Reputation: 75
I am trying to iterate through a map to count specific occurances of individual events although I am having some trouble using a filter as below. What I want to do is filter and count the specific instances of each "ORDER_CATEGORY" which occur in a number of levels - 1, 2, and so on. I am able to iterate though the months and print but teh filter and count I have for the ORDER_CATEGORY's just doesnt seem to work for me.
GROUPED_BY_MONTH(group-by :MONTH CON)
ALL (for [flop GROUPED_BY_MONTH] {
:MONTH (:MONTH (first (second flop)))
:ORDER1 (count (filter #(= "1" (:ORDER_CATEGORY %)) flop))
:ORDER2 (count (filter #(= "2" (:ORDER_CATEGORY %)) flop))
})
I am working with XML files which I have successfully managed into one concatenated list and grouped as below:
["01" [{:MONTH "01", :ORDER_CATEGORY "1"} {:MONTH "01", :ORDER_CATEGORY "1"} {:MONTH "01", :ORDER_CATEGORY "2"}]] ["02" [{:MONTH "02", :ORDER_CATEGORY "1"} {:MONTH "02", :ORDER_CATEGORY "2"} {:MONTH "02", :ORDER_CATEGORY "2"}]]

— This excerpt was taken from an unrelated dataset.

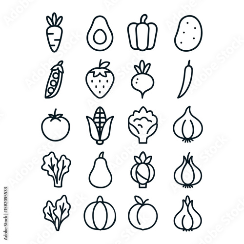 fruits and vegetable line icon pack containing

Therefore, I would expect to have:
MONTH ORDER1 ORDER2
01--------2--------------1
02--------1--------------2
This may be a relatively simple fix that I'm overlooking so thanks for the help in advance!
Upvotes: 0
Views: 129
Reputation: 9276
Your for loop does not work, because you have bound a map entry like this to flop
["01" [{:MONTH "01", :ORDER_CATEGORY "1"} ...]]
And your filter expressions take that as an input:
(filter #(= "1" (:ORDER_CATEGORY %)) flop)
This will not work, because :ORDER_CATEGORY
will neither return sth. for "01"
, nor for the sequence [{:MONTH ...} ...]
.
Given that what you have bound to flop
is a MapEntry, you can use val
to fix this:
(filter #(= "1" (:ORDER_CATEGORY %)) (val flop))
.
E. g.:
(for [flop GROUPED_BY_MONTH]
{:MONTH (:MONTH (first (second flop)))
:ORDER1 (count (filter #(= "1" (:ORDER_CATEGORY %)) (val flop)))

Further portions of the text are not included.